§ EXERCISE DETAILS
From the material below, return exactly the lines starting at the one that holds "Ajo ka pozuar" and ending at the one that holds "(6) Adjust transmission". Pictures stay out of the answer.

#### DATA FOR PROCESSING ####

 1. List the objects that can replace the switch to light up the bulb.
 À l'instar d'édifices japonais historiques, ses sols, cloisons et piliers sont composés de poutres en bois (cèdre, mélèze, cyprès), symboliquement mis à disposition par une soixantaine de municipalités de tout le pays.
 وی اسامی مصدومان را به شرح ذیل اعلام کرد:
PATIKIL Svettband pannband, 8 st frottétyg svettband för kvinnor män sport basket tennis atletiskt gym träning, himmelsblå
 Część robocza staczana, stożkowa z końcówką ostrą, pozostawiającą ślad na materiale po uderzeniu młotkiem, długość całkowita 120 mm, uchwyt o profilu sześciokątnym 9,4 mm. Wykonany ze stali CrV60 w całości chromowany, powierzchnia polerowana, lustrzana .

####
#### DATA FOR PROCESSING ####

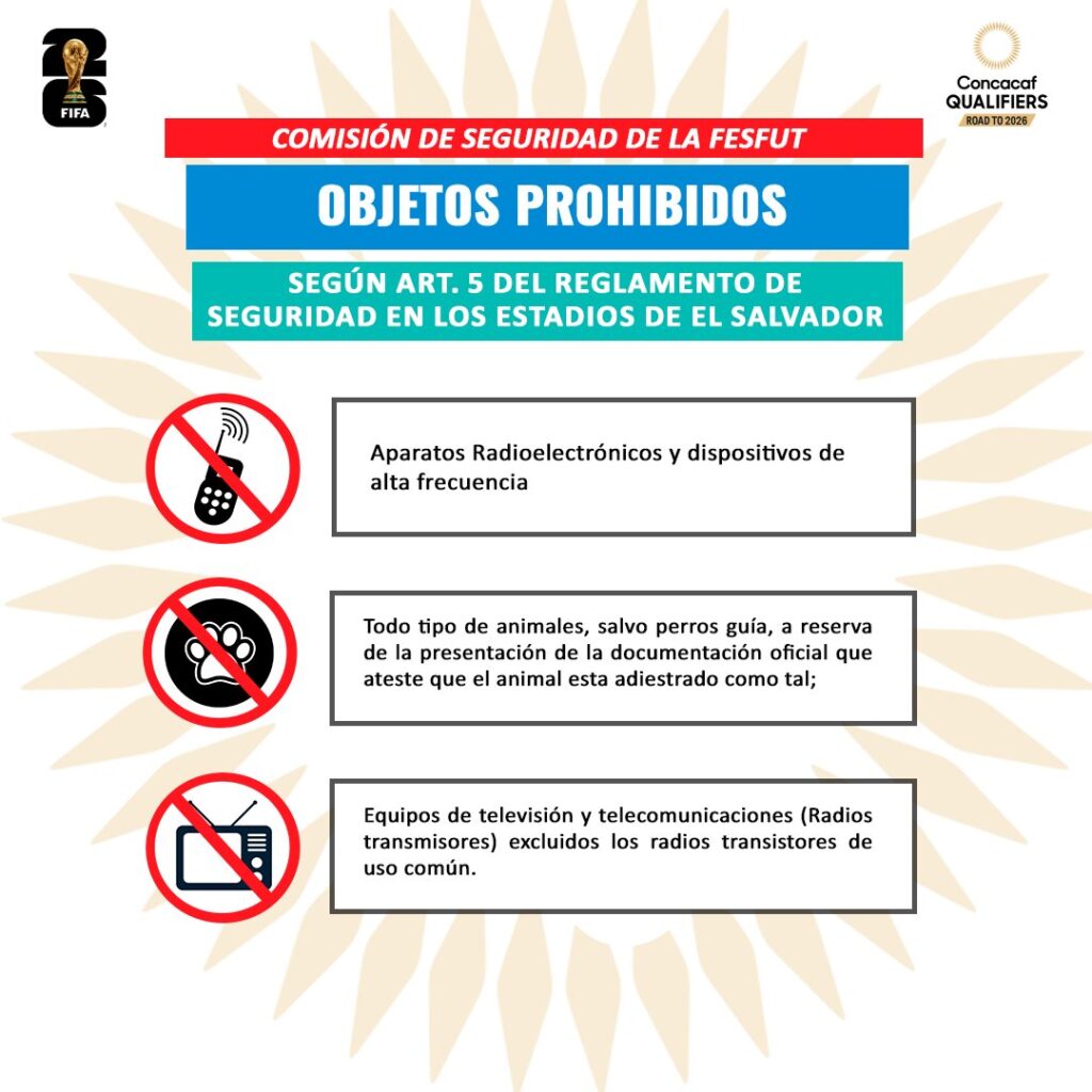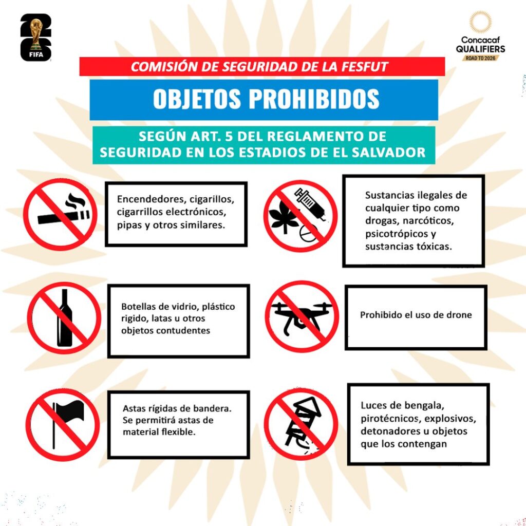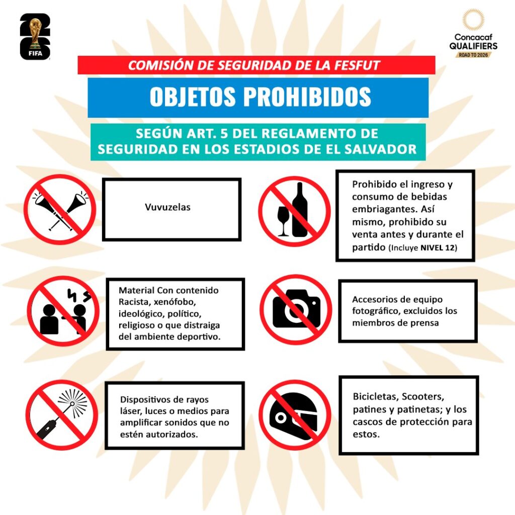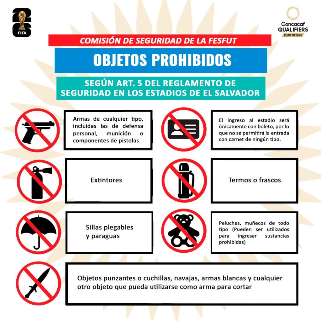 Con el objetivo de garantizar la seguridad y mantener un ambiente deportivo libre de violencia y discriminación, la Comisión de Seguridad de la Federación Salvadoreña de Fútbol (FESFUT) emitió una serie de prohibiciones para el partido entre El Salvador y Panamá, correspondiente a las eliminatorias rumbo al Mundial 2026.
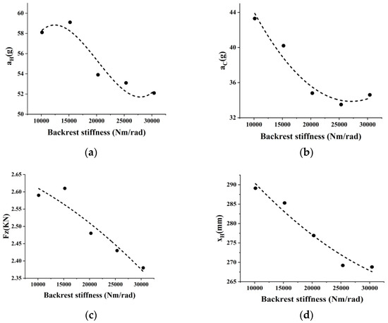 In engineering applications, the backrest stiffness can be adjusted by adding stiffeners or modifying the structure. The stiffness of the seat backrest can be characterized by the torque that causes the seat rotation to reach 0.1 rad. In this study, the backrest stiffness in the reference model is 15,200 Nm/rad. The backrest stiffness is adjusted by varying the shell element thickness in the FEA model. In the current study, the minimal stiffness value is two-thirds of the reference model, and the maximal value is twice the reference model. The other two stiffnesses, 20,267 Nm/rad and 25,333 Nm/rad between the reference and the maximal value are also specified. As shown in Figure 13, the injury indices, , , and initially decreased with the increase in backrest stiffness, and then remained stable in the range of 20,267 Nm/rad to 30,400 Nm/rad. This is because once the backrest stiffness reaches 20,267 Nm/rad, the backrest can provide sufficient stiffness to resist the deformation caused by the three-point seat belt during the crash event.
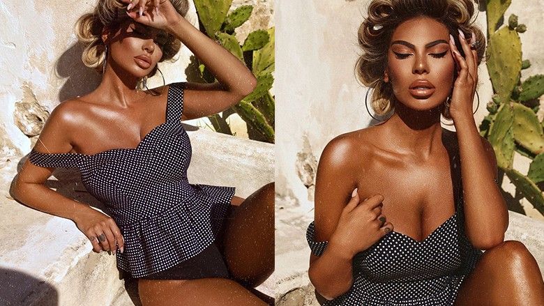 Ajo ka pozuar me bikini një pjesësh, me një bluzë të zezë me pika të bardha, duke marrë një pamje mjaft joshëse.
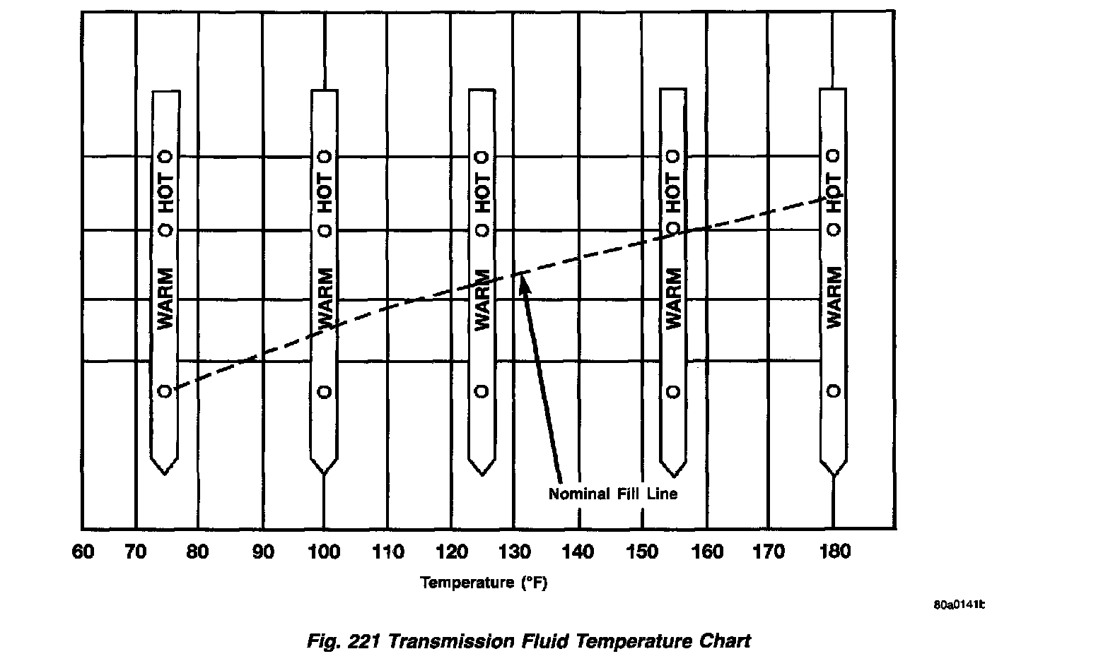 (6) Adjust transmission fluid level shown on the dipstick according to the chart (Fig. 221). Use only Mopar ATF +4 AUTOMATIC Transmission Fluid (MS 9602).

####

§ WRITTEN SOLUTION
 Ajo ka pozuar me bikini një pjesësh, me një bluzë të zezë me pika të bardha, duke marrë një pamje mjaft joshëse.
 (6) Adjust transmission fluid level shown on the dipstick according to the chart (Fig. 221). Use only Mopar ATF +4 AUTOMATIC Transmission Fluid (MS 9602).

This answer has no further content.